О. А еще щипнуть? С ногтями! Начала проявлять активность, цепляется за руки. Запищала.
— Ты молчи! Я тебя аресте… вваю. Открой глаза!
Открыла окровавленный глаз. Смотрит вверх. Боится.
— Ты погоди, ты погоди. Ну вот. Потом кто-то наверху вышел на лестницу, мы убежали. Я своим сказал, кто стукнет — того зарежу. Поняла?
Нажал обеими руками ей на горло. Задержал руки. Забилась. Немного ее порезал ногтем с осколком бритвы.
— Поняла, кто есть… это. Ху! Вот. (Помолчал, тряхнул головой). Да. О чем я?.. Не сочтите откровенность за глупость! А домой пришел — отец спит, утром ничего не помнил. А Светка из больницы вышла, но в школу не вернулась. Так, училась в какой-то спецухе для дураков. Садово-плодовое училище. По озеленению. Но родила через девять месяцев, как полагается, мы специально посчитали. Да и вылитый мой отец этот пацан. Так что нас двое братьев. А, да, было три, но Витьку убили в Сызрани в стройбате. Отец меня любит. У энтти такого быть не может, чтобы люди ссорились, они друг дружку берегут.

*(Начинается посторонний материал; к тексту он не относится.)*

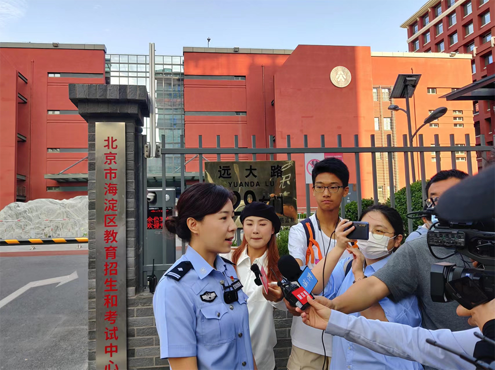 在北京市海淀区教育招生和考试中心现场,北京市公安局海淀分局高校内保支队副支队长徐子文介绍,今年北京市海淀区有14000余名考生,考生数量约占北京全市的四分之一,居北京全市之首。为确保考试安全,实现“如期高考、应考尽考、安全考试”,北京海淀公安分局会同多部门联勤联动,多措并举全力护航高考。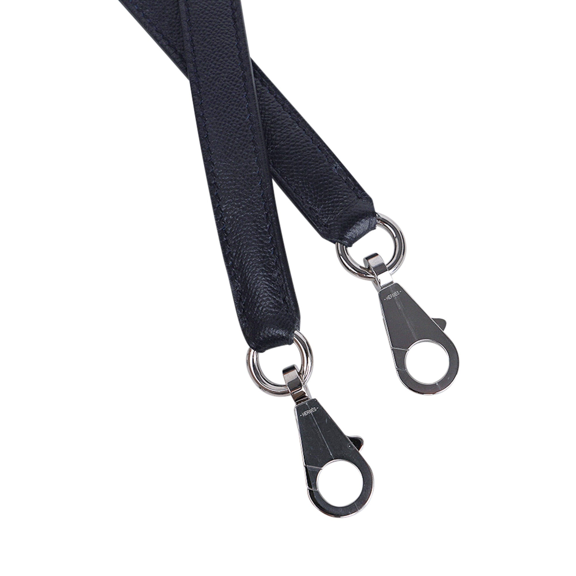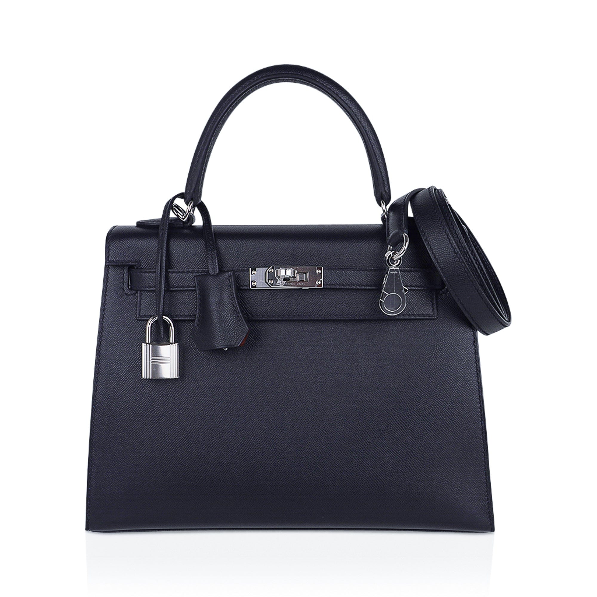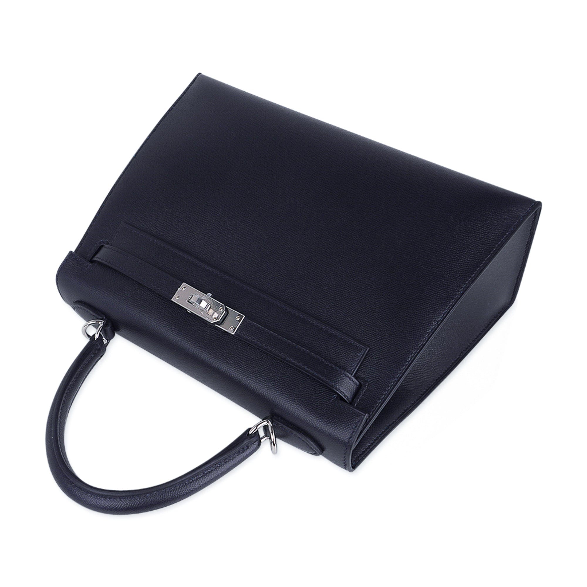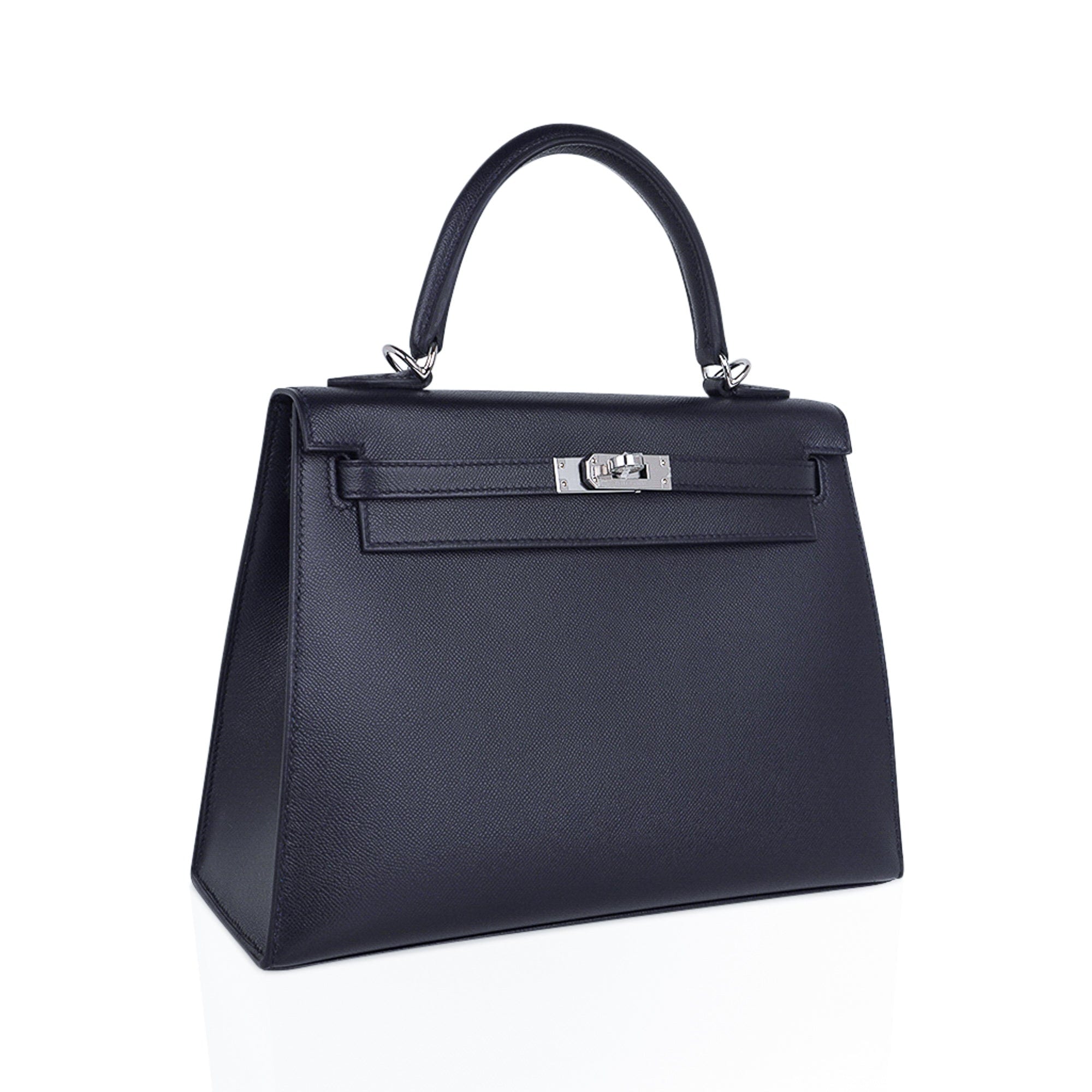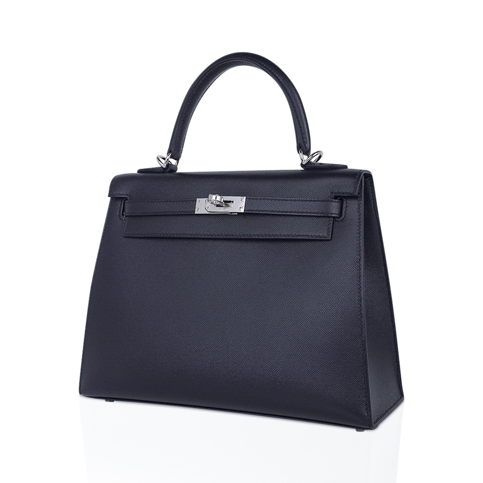 Guaranteed authentic Hermes Kelly Sellier 28 Verso bag featured in Bleu de Minuit with Noisette interior.

Спит или померла. Придушил? Эй!
Надавал по щекам. Руки мокрые. Вытер.
Ну ладно.
— Ты что как эта… Они до сих пор боятся нас, белых. У них кто был мамот, того ссылали. А куда — с Юзени в Бутыгичаг, тысяча километров, тот же климат. Но они там быстро умирали, в лагерях, на урановых рудниках работать возить тачки не могли, не терпели унижения, не понимали что кричат, этих правил, в строю вообще не могли стоять, сразу садились на корточки, к тому же непривычная пища. Они люди свободные, народ особенный. Знаешь, я думаю —
Она не понимает ни хея. Не-пдви-жжность. И у нас полная непдвижжноссть… Не встает, не встает. Джон Стейнбек.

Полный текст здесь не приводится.